Modifying classifiers of transitive dependencies

We have a large number of legacy dependencies that we need to sign. I am
trying to cache those that are not signed into an internal repository to
reduce build time.

So I created another project to sign them and load them into our private
repository. I am using a classifier to indicate the signed ones. For
example, <classifier>signed</classifier>. Those are pulled properly.
However, those dependencies have many transitive dependencies that are
signed as well, but not pulled. The reason is because in the original pom,
they point to the unsigned ones.

What is the best (maven) way to resolve this? I can simply ignore the
classifier part I guess as a simple solution.

I will appreciate a better approach.

Re: Modifying classifiers of transitive dependencies

Posted by Jörg Schaible <jo...@gmx.de.INVALID>.
On Wednesday, 31. January 2024, 16:34:22 CET Mansour Al Akeel wrote:
> We have a large number of legacy dependencies that we need to sign. I am
> trying to cache those that are not signed into an internal repository to
> reduce build time.
> 
> So I created another project to sign them and load them into our private
> repository. I am using a classifier to indicate the signed ones. For
> example, <classifier>signed</classifier>. Those are pulled properly.
> However, those dependencies have many transitive dependencies that are
> signed as well, but not pulled. The reason is because in the original pom,
> they point to the unsigned ones.
> 
> What is the best (maven) way to resolve this? I can simply ignore the
> classifier part I guess as a simple solution.
> 
> I will appreciate a better approach.

Using the classifier is a really bad choice, since it is used for all kind of 
supplemental artifacts, like source, javadoc, etc. and it will spoil 
completely any kind of transitive dependency management.

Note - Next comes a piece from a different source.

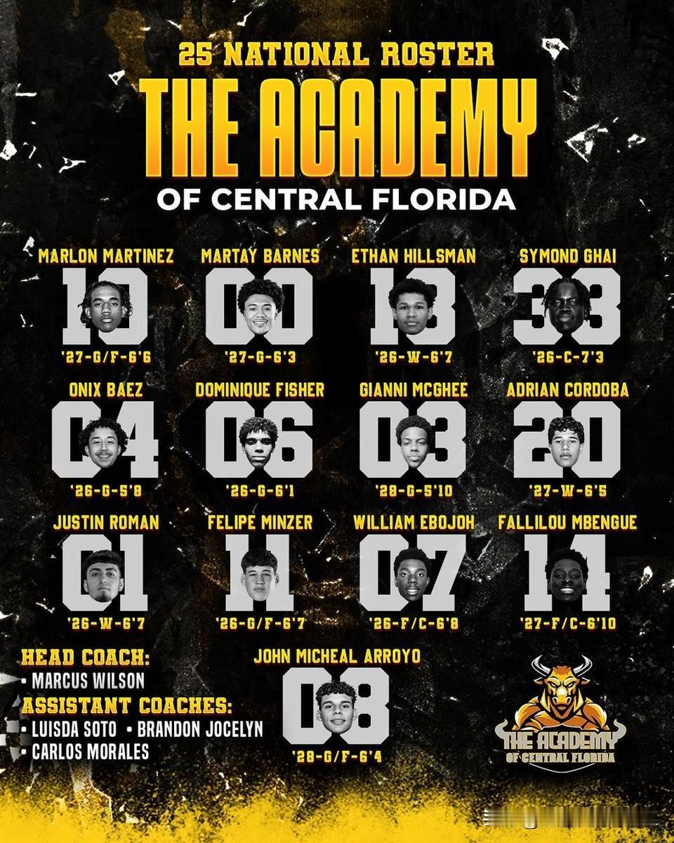 阿根廷侧翼Felipe Minzer离开西班牙前往美国发展,高中就读于佛罗里达州Academy of Central Florida,队友还有西班牙控卫Dominique Fisher,身高6-6=198,出生于2007年9月,2025年U19男篮世界杯场均得到9.8分4.2篮板3.8助攻3.2抢断,2024年U17赛事场均得到17.4分7.1篮板4.6助攻。

You may instead use own versions, just append "-signed" to it. While you have 
now still the old version in the poms, you can have yourself common a parent 
pom that declares all required dependencies in a dependencyManagement section. 
Here you can also overwrite the version to use (the one with the postfix) for 
each dependency transitively. Now you can declare in your projects still the 
directly required dependencies and you will nevertheless get anything that is 
required transitively. And you will immediately see, if something unsigned is 
used looking at the dependency tree.

Downside is, that you will always have to monitor, what other/new transitive 
dependencies are used, when you want to update one of your directly used ones. 
But with your signing you will have to do this anyway.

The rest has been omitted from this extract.